Poisoning the Pixels: Revisiting Backdoor Attacks on Semantic Segmentation

Semantic segmentation models are widely deployed in safety-critical applications such as autonomous driving, yet their vulnerability to backdoor attacks remains largely underexplored. Prior segmentation backdoor studies transfer threat settings from existing image classification tasks, focusing primarily on object-to-background mis-segmentation. In this work, we revisit the threats by systematically examining backdoor attacks tailored to semantic segmentation.
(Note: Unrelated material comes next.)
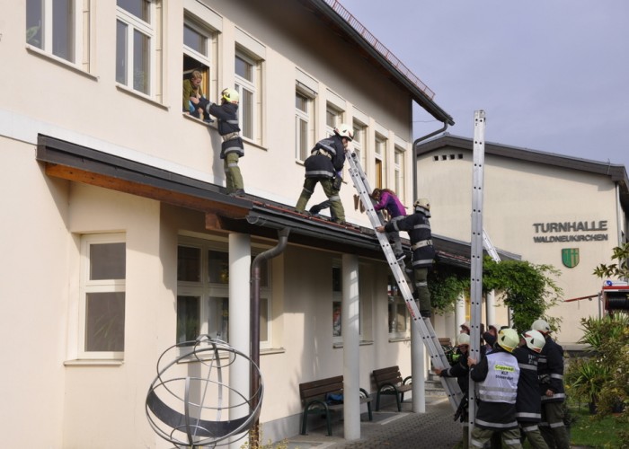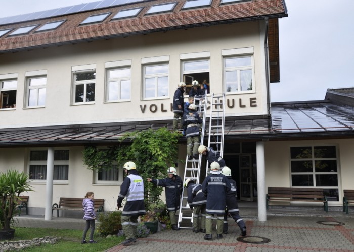 Regelmäßig wird mit den Kindern und dem Personal der Volksschule der Ernstfall erprobt. Hauptaugenmerk liegt darauf, die Kinder alle schonend zu evakuieren und ihnen die Angst vor Atemschutzträgern und der Rettung über eine Leiter zu nehmen. Unterstützt wurden wir dabei von den Kameraden der Feuerwehr Bad Hall, die mit der Drehleiter an der Übung teilnahmen.

We identify four coarse-grained attack vectors (Object-to-Object, Object-to-Background, Background-to-Object, and Background-to-Background attacks), as well as two fine-grained vectors (Instance-Level and Conditional attacks). To formalize these attacks, we introduce BADSEG, a unified framework that optimizes trigger designs and applies label manipulation strategies to maximize attack performance while preserving victim model utility. Extensive experiments across diverse segmentation architectures on benchmark datasets demonstrate that BADSEG achieves high attack effectiveness with minimal impact on clean samples. We further evaluate six representative defenses and find that they fail to reliably mitigate our attacks, revealing critical gaps in current defenses. Finally, we demonstrate that these vulnerabilities persist in recent emerging architectures, including transformer-based networks and the Segment Anything Model (SAM), thereby compromising their security. Our work reveals previously overlooked security vulnerabilities in semantic segmentation, and motivates the development of defenses tailored to segmentation-specific threat models.

翻译：语义分割模型广泛应用于自动驾驶等安全关键领域，但其对后门攻击的脆弱性仍未得到充分探索。现有分割后门研究主要借鉴图像分类任务的威胁设定，重点关注物体到背景的错误分割。本研究通过系统性地考察针对语义分割定制的后门攻击，重新审视相关威胁。我们识别出四种粗粒度攻击向量（物体到物体、物体到背景、背景到物体、背景到背景攻击）以及两种细粒度向量（实例级与条件攻击）。为形式化这些攻击，我们提出BADSEG统一框架，该框架通过优化触发器设计并应用标签操纵策略，在保持受害模型效用的同时最大化攻击性能。在基准数据集上对多种分割架构的广泛实验表明，BADSEG能以对干净样本最小的影响实现高攻击成功率。我们进一步评估六种代表性防御方法，发现它们均无法可靠缓解我们的攻击，揭示了当前防御体系的关键缺陷。最后，我们证明这些脆弱性在近期新兴架构中持续存在，包括基于Transformer的网络和Segment Anything Model（SAM），从而危及这些模型的安全性。本研究揭示了语义分割中先前被忽视的安全漏洞，并推动针对分割特定威胁模型的防御机制发展。